Evaluating Efficiency and Effectiveness of Federated Learning Approaches in Knowledge Extraction Tasks

Federated Learning is a valuable instrument for building AI-based systems that preserve the privacy and security of sensitive data, based on the main concept of shifting no more the data to the edges but moving computations to data, avoiding the collection, sharing, and use of such data by third parties. More robust federated learning systems should be able of preventing malicious inference over both data exchanged during training and the final trained model while ensuring the resulting model also has acceptable predictive accuracy. This study proposes a preliminary analysis to investigate and evaluate the effectiveness and efficiency of a federated approach to ensure valid classification accuracy and data security. A real case study from the ANDROIDS project, concerning the application of machine learning-based systems for supporting mental-health disorders detection, was considered.

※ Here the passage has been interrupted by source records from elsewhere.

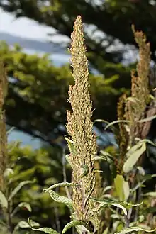 Artemisia suksdorfii grows in coastal drainages and other habitat near the ocean. This is a rhizomatous perennial herb producing many erect stems one half to two meters in height. The unbranched stems are brownish and have woody bases. The leaves are narrow and lobed, green and hairless on top and white and woolly underneath. The inflorescence is generally spike-like, up to 30 centimeters long and a few wide. It contains many clusters of small flower heads with shiny yellow-green phyllaries and yellow disc and pistillate florets. The fruit is a tiny achene less than a millimeter long.[3]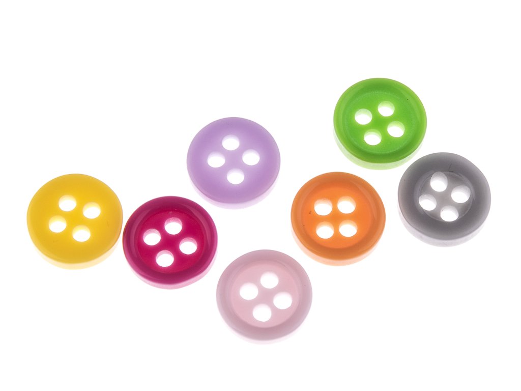 Plastikowy guzik koszulowy o rozmiarze 9 mm.Parametry dodatkowe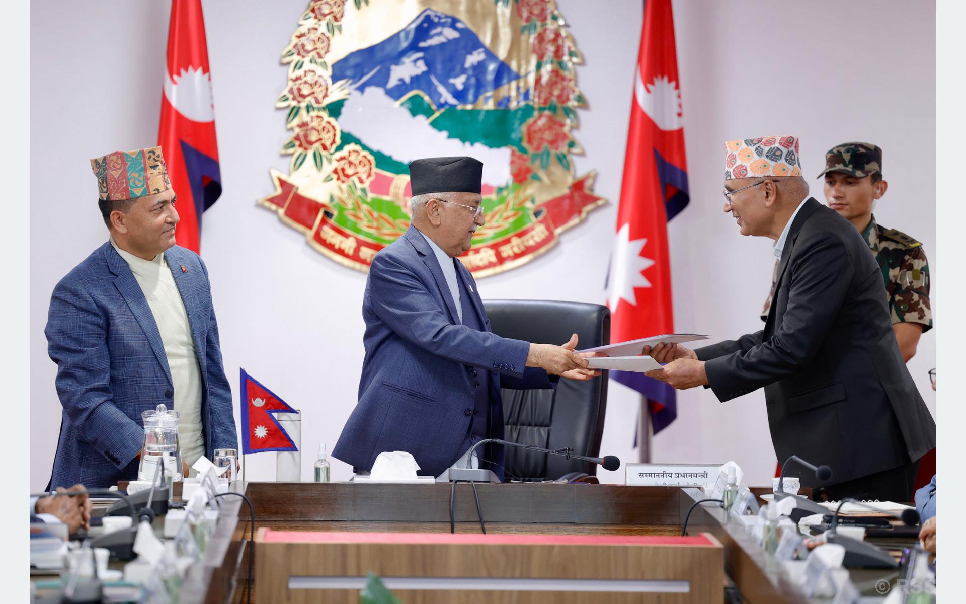 प्रधानमन्त्री केपी शर्मा ओलीसँग चालु आर्थिक वर्षमा गरिने मुख्य काम र हासिल हुने उपलब्धिका लागि उपप्रधानमन्त्रीद्वय, मन्त्री र मुख्यसचिवहरुबीच आज कार्यसम्पादन सम्झौता भएको छ ।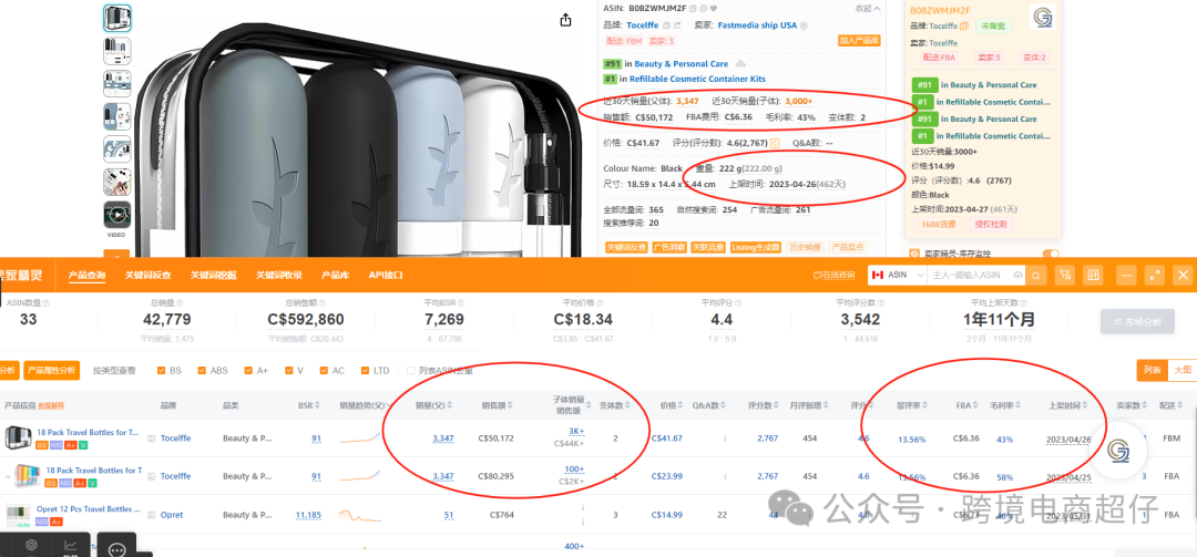 单量:在卖家精灵中显示上架时间是2023年04年26号,目前为止持续销售462天,30天销售量父体(3347),子体销量(3000+)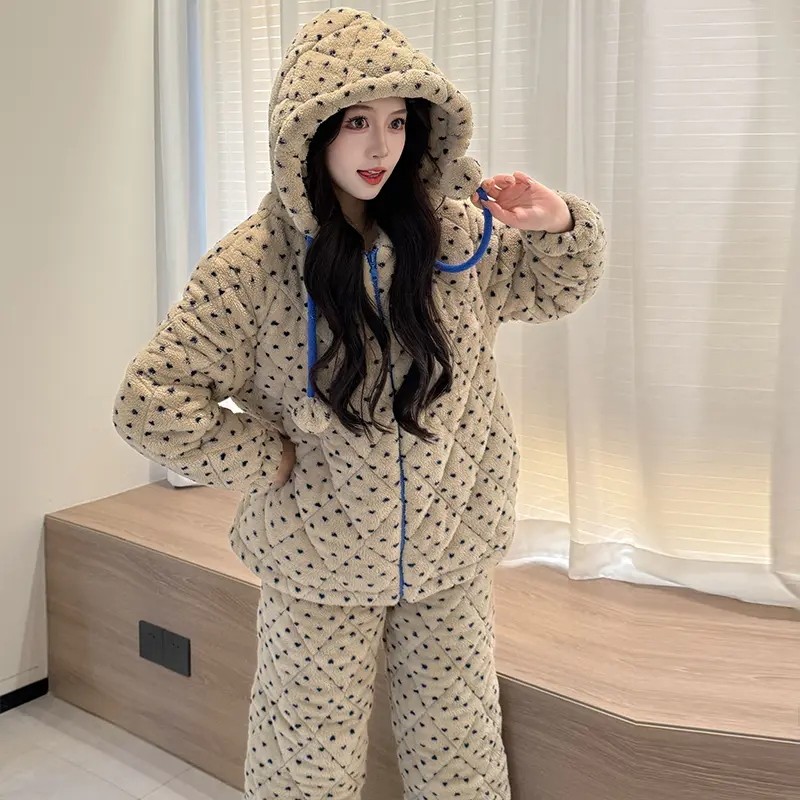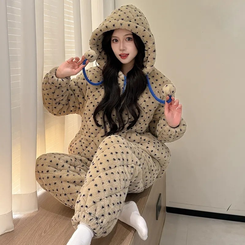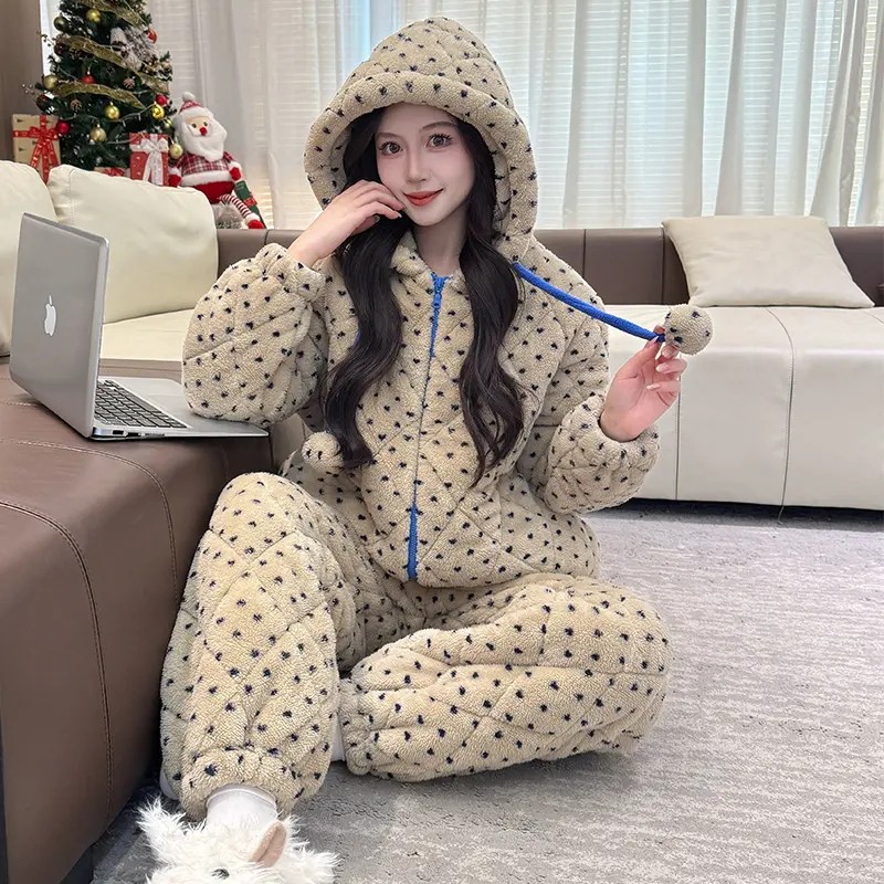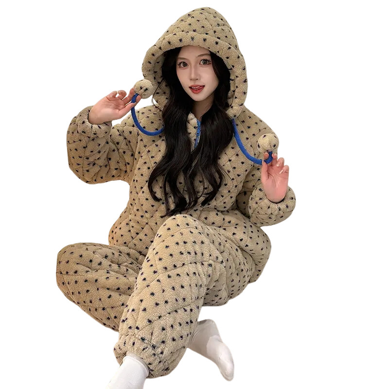 奶fufu冬季睡衣女款2025加厚珊瑚绒三层夹棉袄女生连帽家居服加绒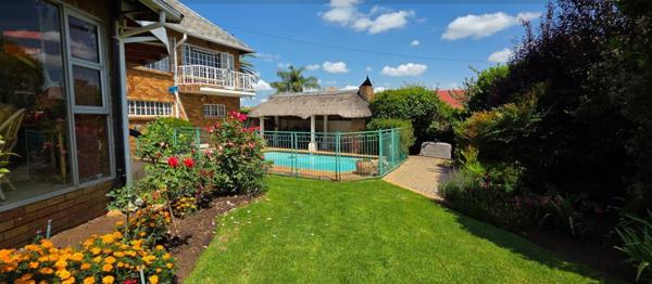 Sliding doors from the lounge and pub lead to a covered patio overlooking the established garden, solar-heated swimming pool, and multiple entertainment Lapas with built-in gas braai.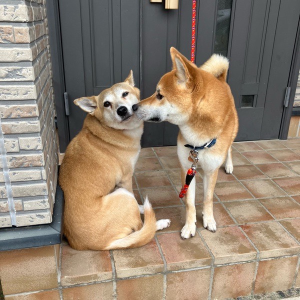 お散歩から帰って来まして、早く お家に入りたい ヒバ子さんと、まだまだ お外で遊びたいリリ小僧😆

Large amounts of sensitive patient information are collected, which must be obfuscated or anonymized to provide a preliminary level of protection. Unfortunately, the real bottleneck lies in the difficulty of extracting all sensitive data for anonymization, due to a lot of data to handle as well as the considerable effort required. We propose a Natural Language Processing approach for sensitive knowledge detection and classification, performed by adopting a federated approach. Accuracy decay and latency introduced by applying a decentralized learning approach compared to the same task and data performed in a centralized way were evaluated. Preliminary results proved that effectiveness can be reached by a correct tuning of the federated algorithm and by choosing the right number of participants to the federation.